## Data extracts

= Beginning of Section =

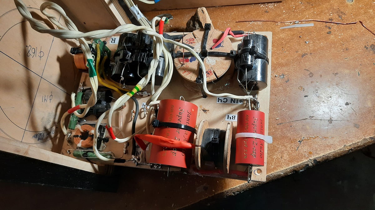 СЧ / ВЧ секция размещается в 15 л обьеме, чтобы акустически не поджимать снизу СЧ диапазон. На складе давно ожидал своего времени отличный топовый шелковый твиттер Seas Millenium и вот оно пришло. Заказчик очень любит и знает классическую иузыку ( ранее периодически посещал Вену слушать в оригинале ) , джаз ,ну и старый добрый рок.Среднечастотники : практически всегда в 3х полосках применяли 5-ти дюймовые головки, но в этом проекте решили применить 6,5 дюймовые. В наличии оказались интересные динамики из другого проекта и была возможность прослушать их .В корпусах без отделки установили динамики ( заодно сравнили шелковые Seas Millenium c бериллиевыми SB Acoustic ), с помощью процессора и поканалки отстроились,выбрали наилучший вариант фильтров, частот раздела и др., Рассчитали номиналы компонентов пасс кроссов, собрали их предварительно на элементах Monacor.Подстроились, прослушали…. Дуже чудово, очень интересные тембры привнес СЧ динамик, ну и с учетом вкуса заказчика остановились на шелковых ВЧ.
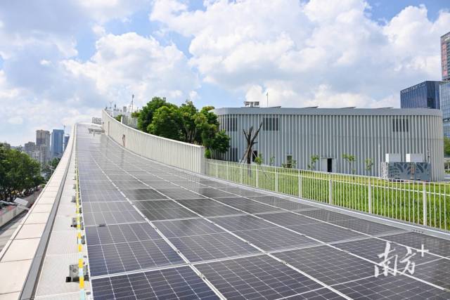 光伏也是省电费的大招,在多个建筑顶部、廊道上方都整齐排布着光伏板。“储能是存电,光伏是发了电直接用。”古志君介绍,光伏板安装时结合了建筑的形态,不影响风貌,目前共安装1600平方米,“光伏发电大约一年能帮场馆节省一个月的电费。”
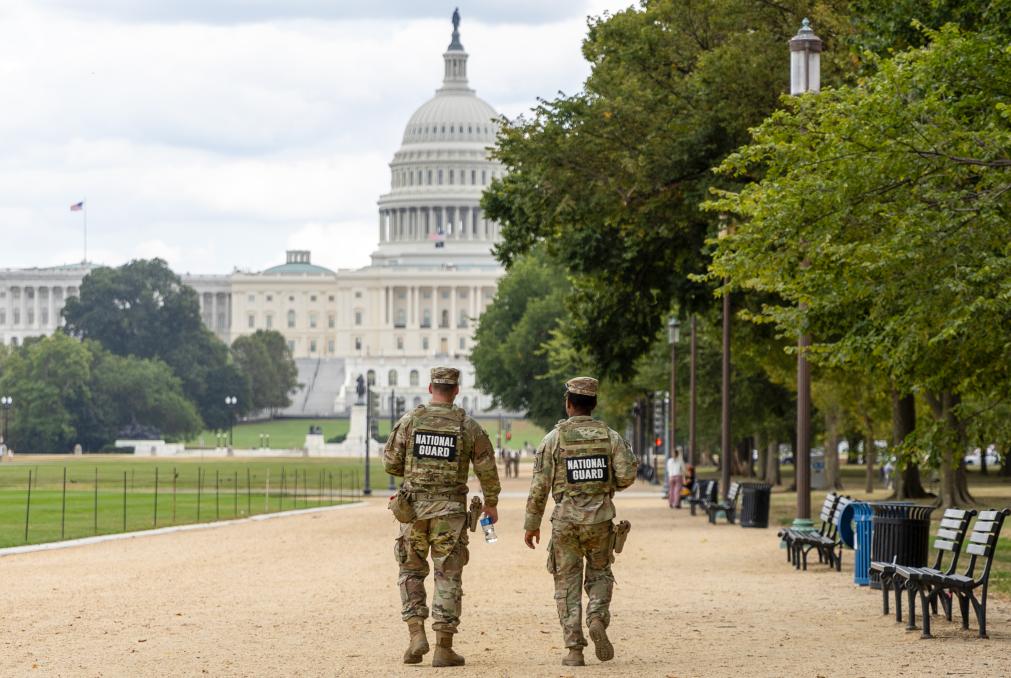 9月4日,國民警衛(wèi)隊(duì)成員在美國首都華盛頓巡邏。新華社記者胡友松攝
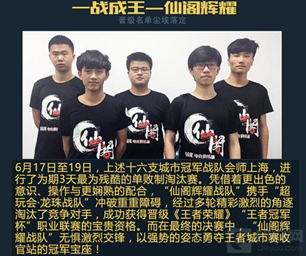 王者荣耀官方倾力打造的2016王者城市赛晋级赛于6月19日在上海圆满落幕。来自郑州站的仙阁辉耀战队和广州站的超玩会·龙珠战队凭借自身更为出色的实力,从16支城市冠军战队中脱颖而出,成功获得晋级《王者荣耀》“王者冠军杯”职业联赛的宝贵资格!下面,让切游小编带着大家一起来回顾一下吧。
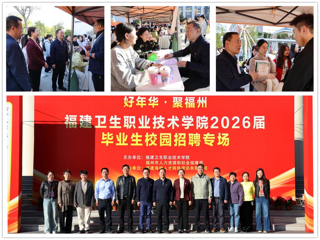11月20日,福建衛(wèi)生職業(yè)技術(shù)學(xué)院臻善樓前廣場徹底“燃”了——以“好年華?聚福州”為主題的2026屆畢業(yè)生秋季校園專場招聘會,成了校企雙向奔赴、供需精準對接的“求職熱場”。
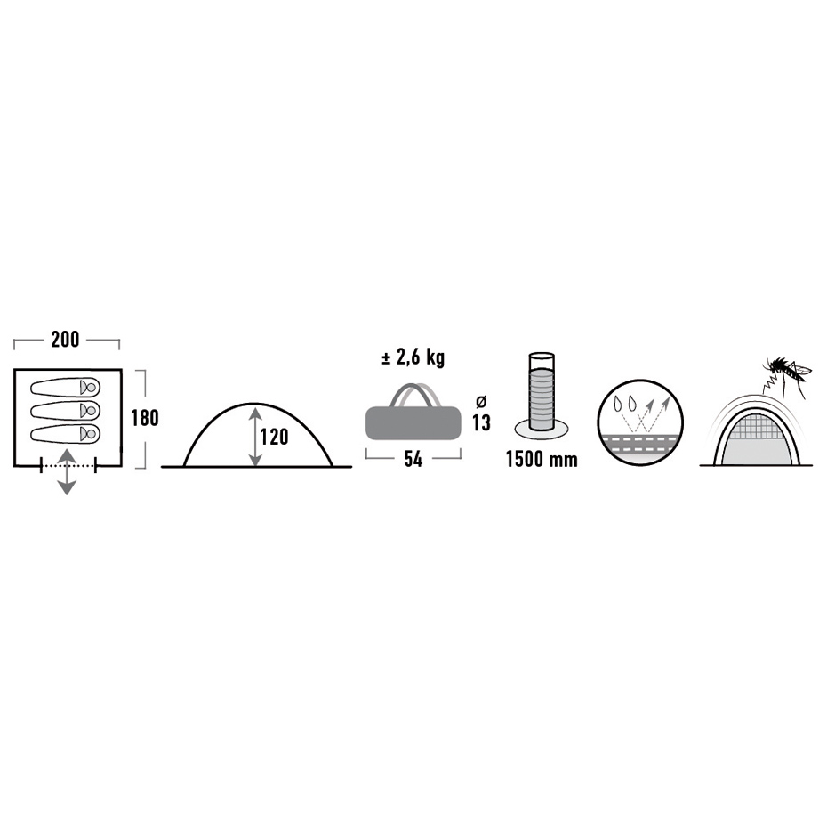 Lekki, łatwy i szybki w obsłudze namiot dedykowany dla trzech osób. Duża przestrzeń użytkowa i szerokie wejście z daszkiem gwarantuje wygodę użytkowania. Namiot bardzo prosty w rozkładaniu oraz składaniu, w wygodnym pokrowcu, ułatwiającym transport.
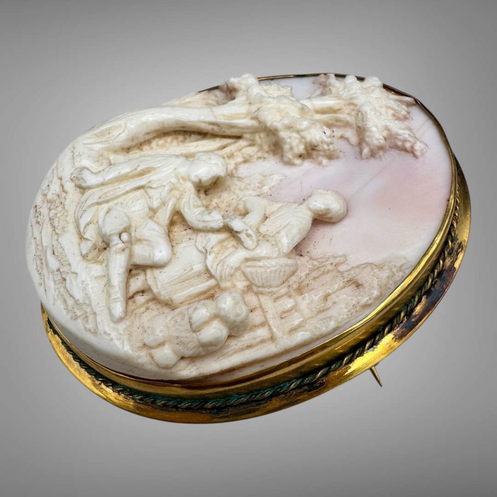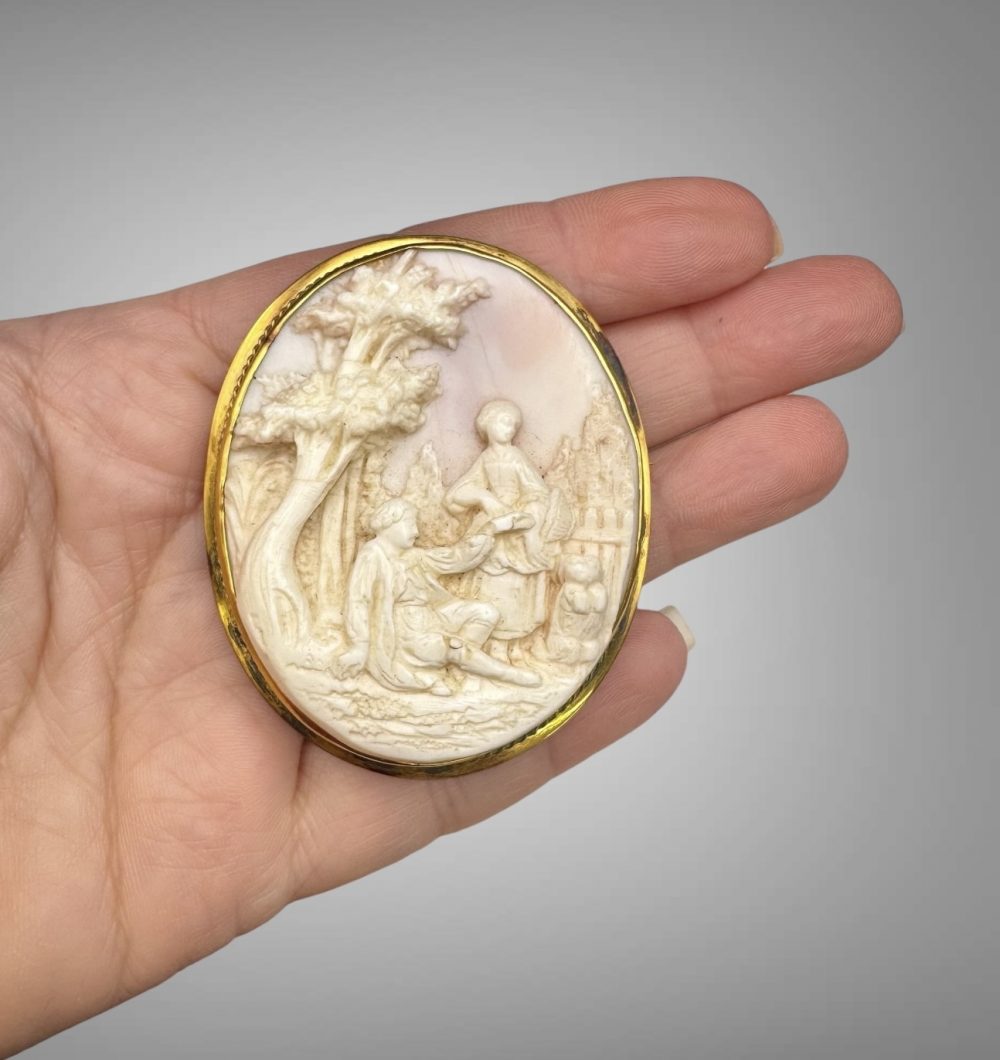 Antique hand-carved shell cameo brooch set in 18 karat yellow gold frame. Highly detailed cameo depicts outdoor family scene with a dog.

= End of Section =

## Task objective
Begin with the line containing "Lekki, łatwy i" and end with the last line of the material above; return exactly those lines, both ends included, and omit all pictures.

## Answer space
 Lekki, łatwy i szybki w obsłudze namiot dedykowany dla trzech osób. Duża przestrzeń użytkowa i szerokie wejście z daszkiem gwarantuje wygodę użytkowania. Namiot bardzo prosty w rozkładaniu oraz składaniu, w wygodnym pokrowcu, ułatwiającym transport.
 Antique hand-carved shell cameo brooch set in 18 karat yellow gold frame. Highly detailed cameo depicts outdoor family scene with a dog.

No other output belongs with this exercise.